Description Problem Description GNN has performed very well in node classification and link prediction of heterogeneous and isomorphic graphs. In many recommendation scenarios, the trust relationship between users and the essential attributes of products are used, combined with users' purchase records, and using the representation generated by GNN can also achieve good results. However, in the scenarios given by the academic platform, we can find that collaborator recommendations, paper recommendations, and reviewer recommendations for journals and conferences are the main tasks.
For most of the above problems, there are relatively good benchmarks and baselines. However, in the paper recommendation scenario, if it is for scholars conducting scientific research through their collaborators and the paper community where their papers are located, citation recommendation still lacks better datasets and models. A dataset we share here is used in a recommender system. When both the user and product have an associated network, we can extract group features for the user group and product category. Based on the relation between products and the connections between users, it provides users with better and more various recommendations, and this may help to solve the problem of less user behavior caused by the cold start of the recommender system.

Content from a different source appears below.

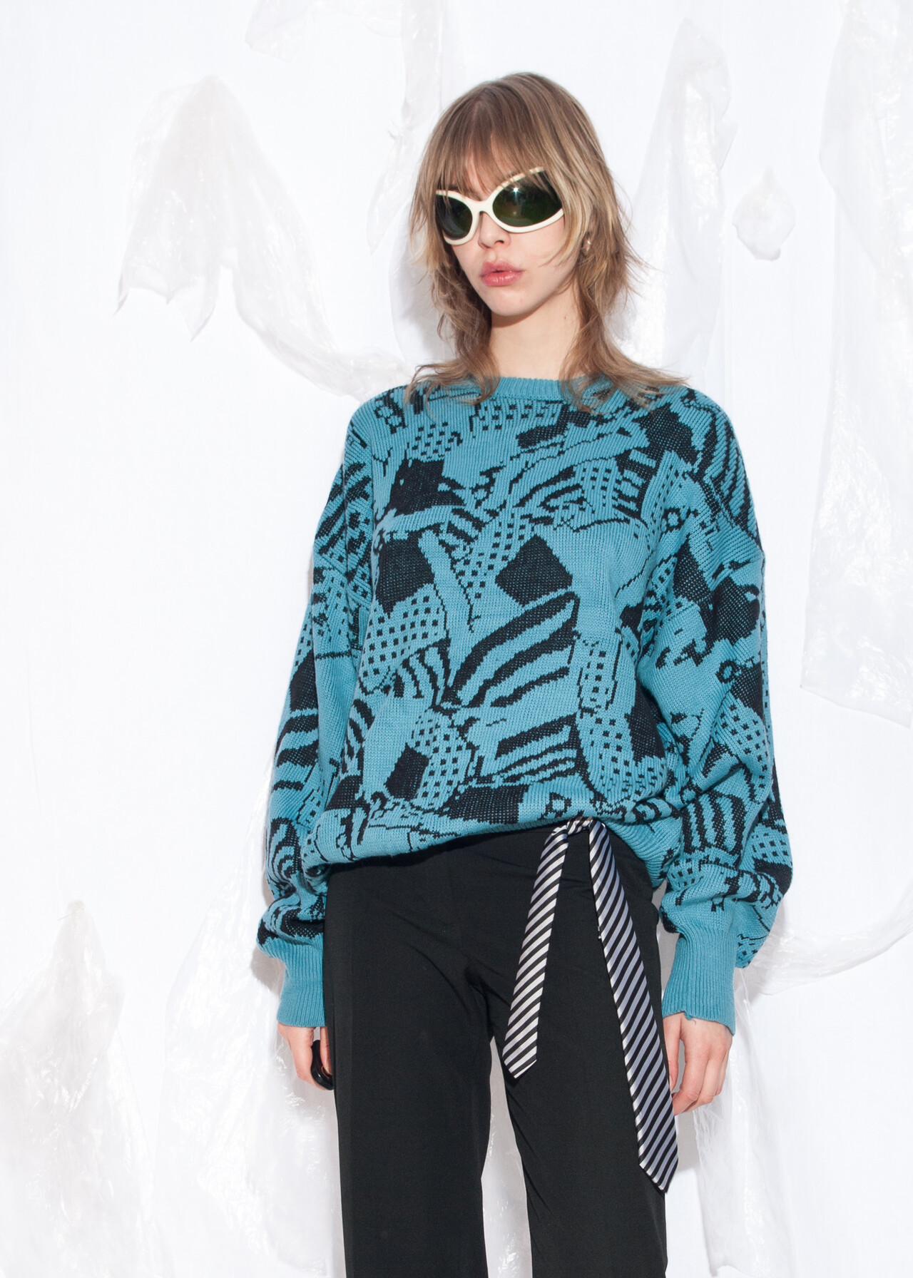 Tags: 80s vintage style, abstract pattern, grandpa sweater, oversized jumper

Here is a link prediction problem in an academic network. We collected 6,611 authors and corresponding 79,937 papers from top journals in the field of GeoScience as well as citation information of their publications. The collected information is used to form an academic network, and there is a feasible way:
Build a heterogeneous network, which contains two types of nodes, one type of nodes represents authors, and the other represents papers. In this network, each edge between an author node and a paper node means that the authors have read the paper (connecting authors and the papers cited by the papers written by the authors), each edge between two author nodes denotes the co-authorship, and each directed edge between two paper nodes represents the citation relation.
You can propose some other way to form an academic network. Note that what we provide is the author and paper information so far, and it reveals the correlation between work of different authors. Consequently, suppose that you are designing an academic reading recommendation system, and you need to pick out papers related to the author's previous research. This problem can be modelled as a link prediction problem, and your task is to predict each author-paper pairs in the test set based on the information provided. If the paper is recommended to the author, mark it as 1, otherwise mark it as 0.

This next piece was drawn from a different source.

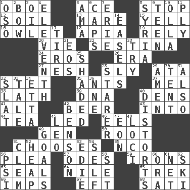 ACROSS 1. Mitch Miller's instrument 5. Adept person 8. Cease 12. The visible part of the earth's surface 13. Female horse 15. Shout 16. A small or young owl 18. Capital of Western Samoa 19. Have trust in 20. Compete 22. French poetic form 24. Greek god of love 26. Period 27. Delicate 28. Mischievous 29. _ moment's notice (2 wds.) 32. Proofreading order 35. Pismires 37. Cartoonist voice _ Blanc 38. Thin strip of wood or metal 39. Heredity factor (abbr.) 40. Habitations of wild animals 41. The first octave above the treble staff 42. Fermented drink made from hops 43. To the inside or interior of 44. Beverage made from leaves 45. Directed 46. Snakelike fish 49. Commissioned military rank (abbr.) 50. Carrot, for example 51. Opts 55. Non-commissioned officer (abbr.) 56. Entreaty 57. Lyric poems 59. Metal shackles 63. Lick closed 64. Mediterranean tributary 65. Long journey 66. Naughty children 67. Newt 68. Suttee (variant) DOWN 1. Bear (Spanish) 2. Ribbon knot 3. Lubricate 4. Veterans Day date 5. Wet nurse (var.) 6. Balmoral and tarboosh 7. One of the Great Lakes 8. Damascus' land 9. Adolescent 10. Rounded earthenware pot or jar 11. Strand of rope, yarn or thread 14. Artist's stands 17. Become fatigued 21. Greek goddess of the dawn 23. Attempt 25. Cast a shadow over 28. A viewer who gazes fixedly 29. So be it 30. Portable shelter 31. In addition 32. Narrow board 33. Falsehood 34. Singer James 36. Compass dir. 40. What propaganda does 42. Gillaume's butler role 45. Lion 47. Period of immesurable duration 48. Event scenes 49. Scores awarded for successful feats 51. Clement's nick name 52. Pile 53. Singer Brickell 54. Automatically 56. 23rd letter of the Greek alphabet 58. Arrange properly for use 60. Mouth or opening 61. Remaining after all deductions 62. What Jean-Claude Killy likes to do

Attention Before submitting your predictions, please update your name with "GroupNumber_StudentName" before submitting your predictions. You can update your name in the "Team" tab.
For fairness, we set a few rules for you to obey --- violation against the rules will lead to score deduction:
Please do not copy someone else's code. We will run plagiarism check after submission. Please do not download the dataset somewhere else to train your model. We have shuffled the dataset and will reproduce your experimental results using the dataset. A violation would be considered if there is a big gap between your reported results and our reproduced results. Please do not use the pre-trained model. Everything should be built from scratch. Acknowledgements Data used in this project is provided by Acemap group.